#### MATERIAL PROVIDED:

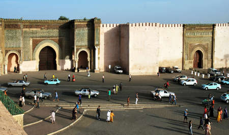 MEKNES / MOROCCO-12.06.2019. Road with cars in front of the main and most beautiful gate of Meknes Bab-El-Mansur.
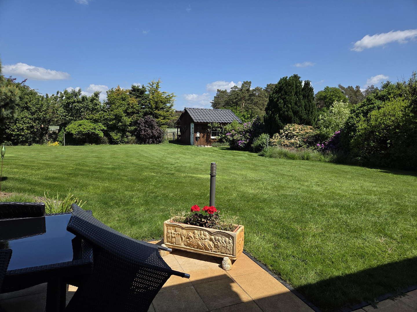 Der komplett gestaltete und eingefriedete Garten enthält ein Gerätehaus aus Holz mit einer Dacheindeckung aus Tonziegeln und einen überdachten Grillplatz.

* * *

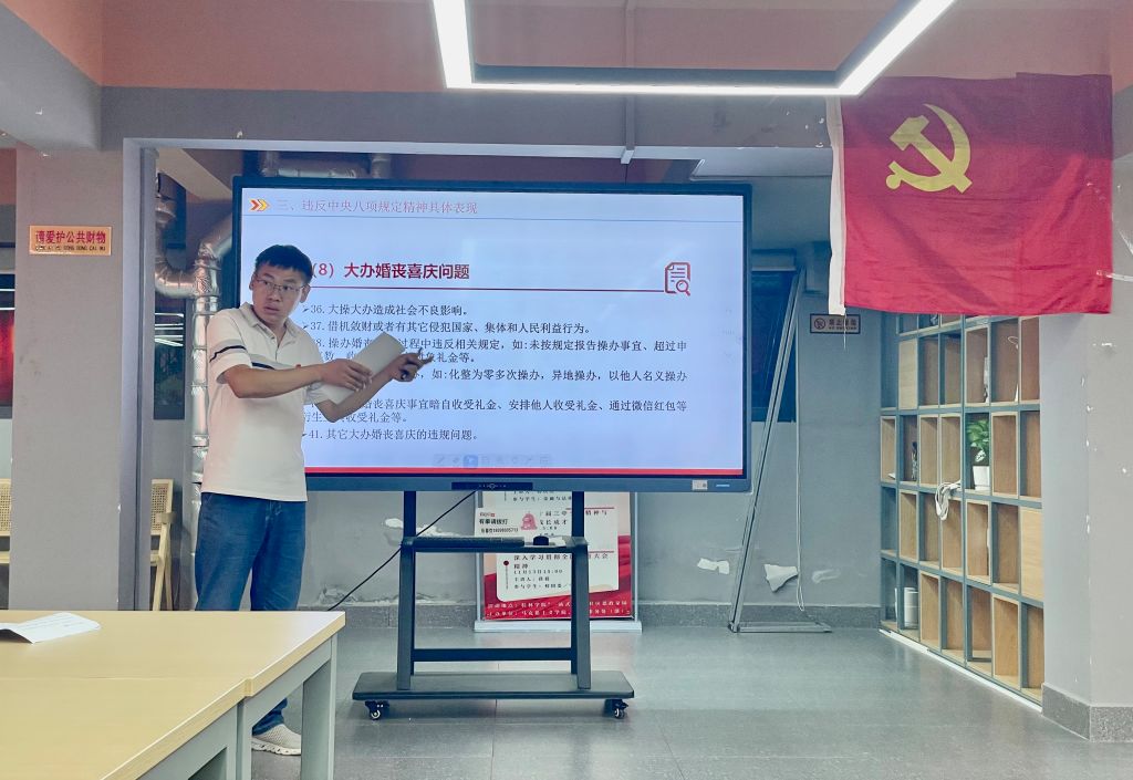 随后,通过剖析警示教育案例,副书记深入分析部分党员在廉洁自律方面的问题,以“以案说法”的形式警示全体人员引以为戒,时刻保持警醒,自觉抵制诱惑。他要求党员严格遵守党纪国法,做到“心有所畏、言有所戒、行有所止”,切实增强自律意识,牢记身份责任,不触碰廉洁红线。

#### TASK BRIEF:
Working from the records above, set down word for word everything from the line containing "MEKNES / MOROCCO-12.06.2019." down to the line containing "Der komplett gestaltete", ends included, minus the pictures.

#### OUTPUT FOR THIS EXERCISE:
 MEKNES / MOROCCO-12.06.2019. Road with cars in front of the main and most beautiful gate of Meknes Bab-El-Mansur.
 Der komplett gestaltete und eingefriedete Garten enthält ein Gerätehaus aus Holz mit einer Dacheindeckung aus Tonziegeln und einen überdachten Grillplatz.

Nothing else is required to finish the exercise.